Last week, in Notice 2014-54, the Internal Revenue Service (IRS) unveiled proposed regulations that outline rules on how to allocate distributions from retirement plan accounts which contain both pretax and after-tax contributions. These regulations cover 401(k), 403(b), and 457 plans. In essence, this new guidance offers a mechanism for splitting of pretax and after-tax assets via a direct rollover. The new development is a recognition by the Service of a practice already in place at some financial institutions where withdrawals from retirement plans that contain both pretax and after-tax contributions are even now treated as a single distribution rather than as separate distributions under the old rule.
The Old Rule
Previously, an individual could not split the pre-tax and after-tax amounts in a direct rollover. Instead, it had to be done exclusively through an indirect aka 60-day rollover. First, plan participant would receive a cash distribution, then indirectly roll over the pre-tax amount to another retirement plan or an IRA. The remaining after-tax amount could then be moved to a Roth IRA or an after-tax account. The practical difficulty of that approach had to do with the 20% mandatory federal income tax withholding applicable to any pre-tax amounts directly distributed to the participant. An individual had to make up the 20% withheld by his employer when re-depositing the pre-tax amount to avoid income tax and to successfully deposit the remaining after-tax amount to a Roth IRA.
The New Rule
Under the new rule, all distributions from a plan scheduled at the same are treated as a single disbursement regardless of whether they go to a single or multiple accounts. The new rule makes it possible to split the pre-tax amounts and after-tax amounts via a direct rollover.

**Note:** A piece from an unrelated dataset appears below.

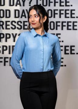 Effortlessly chic and undeniably professional, this light blue collared button-down blouse is your new office essential. Crafted from a breathable, soft fabric, it offers all-day comfort without sacrificing style.
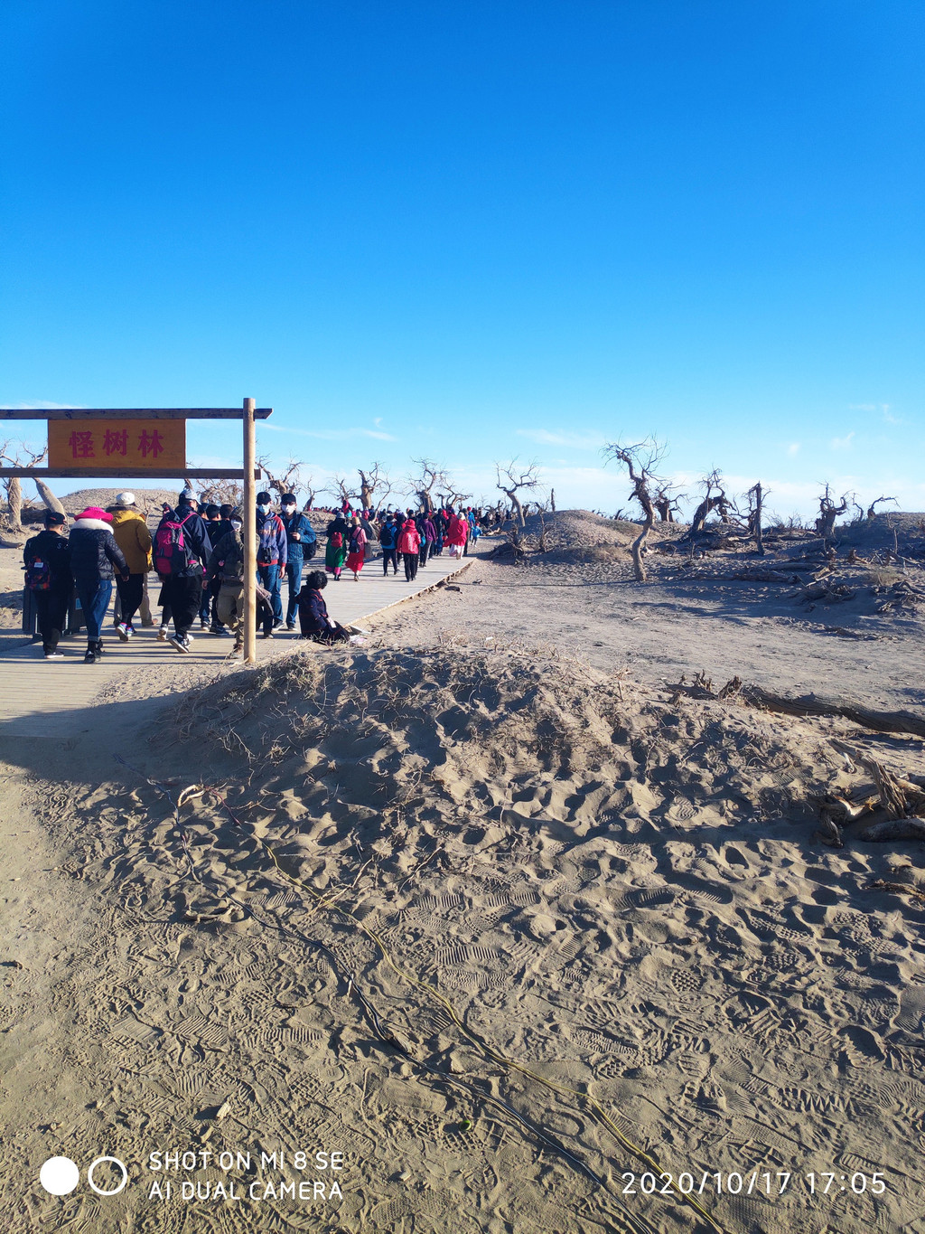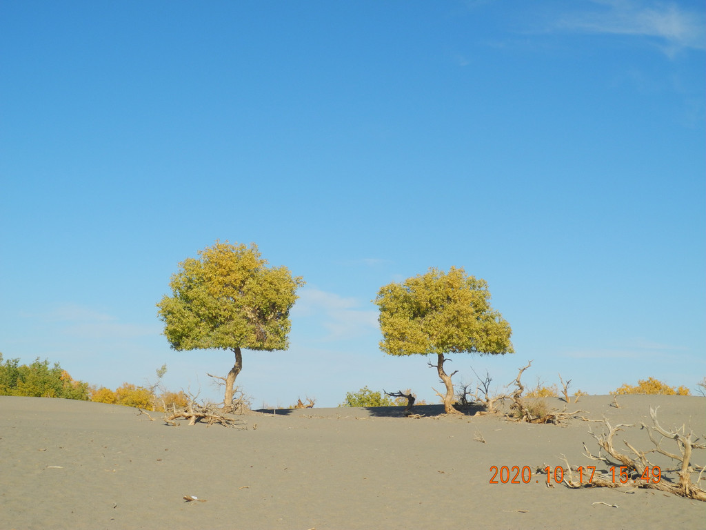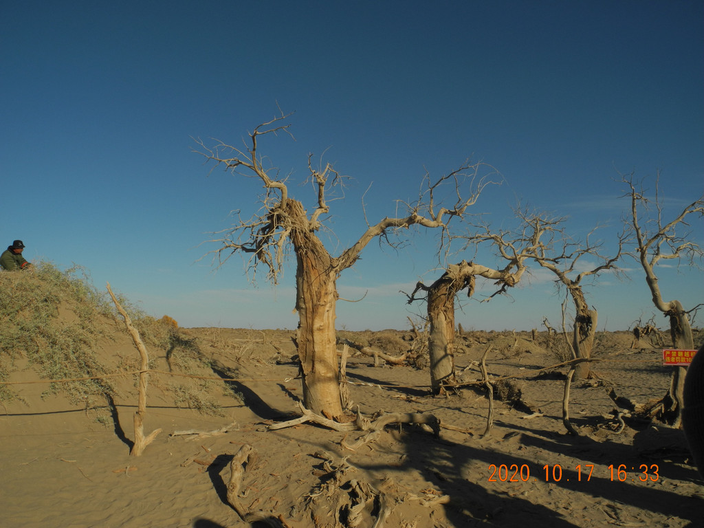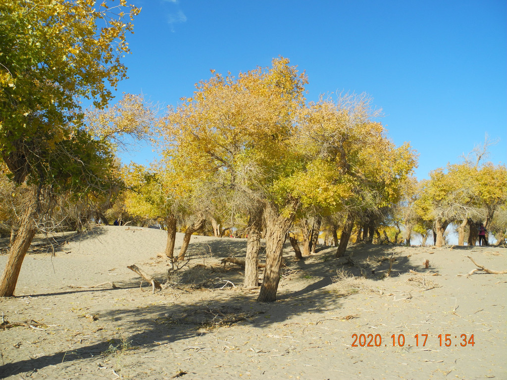 今天的胡杨林叶子有点枯萎,没有昨天的好,感觉昨天的期望太大了,总感觉今天的主景区应该比昨天的好,但是还是失望了。具体游玩过程就不表了,网上都能搜到,无非三道桥,四道桥(英雄林),一直到八道桥。

• If a pretax amount of combined disbursements treated as a single distribution under the new rule is less that the amount of the direct rollover, the entire pretax amount is allocated to the direct rollover. If the rollover is to more than one plan, then the individual can select how the pre-tax amount is to be allocated among these plans by communicating that election to plan administrator before the distribution takes place.
• If the pre-tax amount equals or exceeds the amount of direct rollover, then it is assigned to the portion of the distribution that’s directly rolled over up to the amount of the direct rollover. Any remaining amount is then assigned to any indirect rollovers, aka 60-day rollovers.
• If the remaining amount is less than the 60-day rollover amount, then the individual can decide how the pre-tax amount is allocated between plans that receive the 60-day rollover.
• If after that assignment there is still remaining pre-tax amount, that amount becomes includable in the individual’s gross income.
• If the amount rolled over to an eligible retirement account exceeds the portion of the pretax amount allocated to the plan, the excess is an after-tax amount.
The IRS stated that the new guidance will apply to distributions made on or after January 15, 2015. That said, the IRS also noted that tax payers are allowed to apply these proposed regulations to distributions made on or after September 18, 2014, the date the Notice was published.
Why It’s Significant
This development opens wider doors for effective distribution planning. By eliminating the need to rely exclusively on indirect rollovers for splitting of pretax and after-tax amounts in plan distributions, often ridden with costly mistakes due to missed redeposited windows or inability to make up the 20% withholding, the IRS made planning for after-tax amounts in retirement plans more accessible.
Here’s an example. A participant has a $150,000 account balance in her IRA: $125,000 is pre-tax and $25,000 are after-tax dollars. Upon retirement, she can elect to move $125,000 to a rollover IRA retaining the amount’s tax-deferred status, distribute the remaining $25,000, and redeposit it to a Roth IRA as a tax-free conversion. Distributions from the rollover IRA will taxed at the time they are eventually withdrawn but the Roth IRA disbursements will be tax-free, provided they are qualified.
Retirement Services will continue monitoring further developments on the topic and update you as more information becomes available.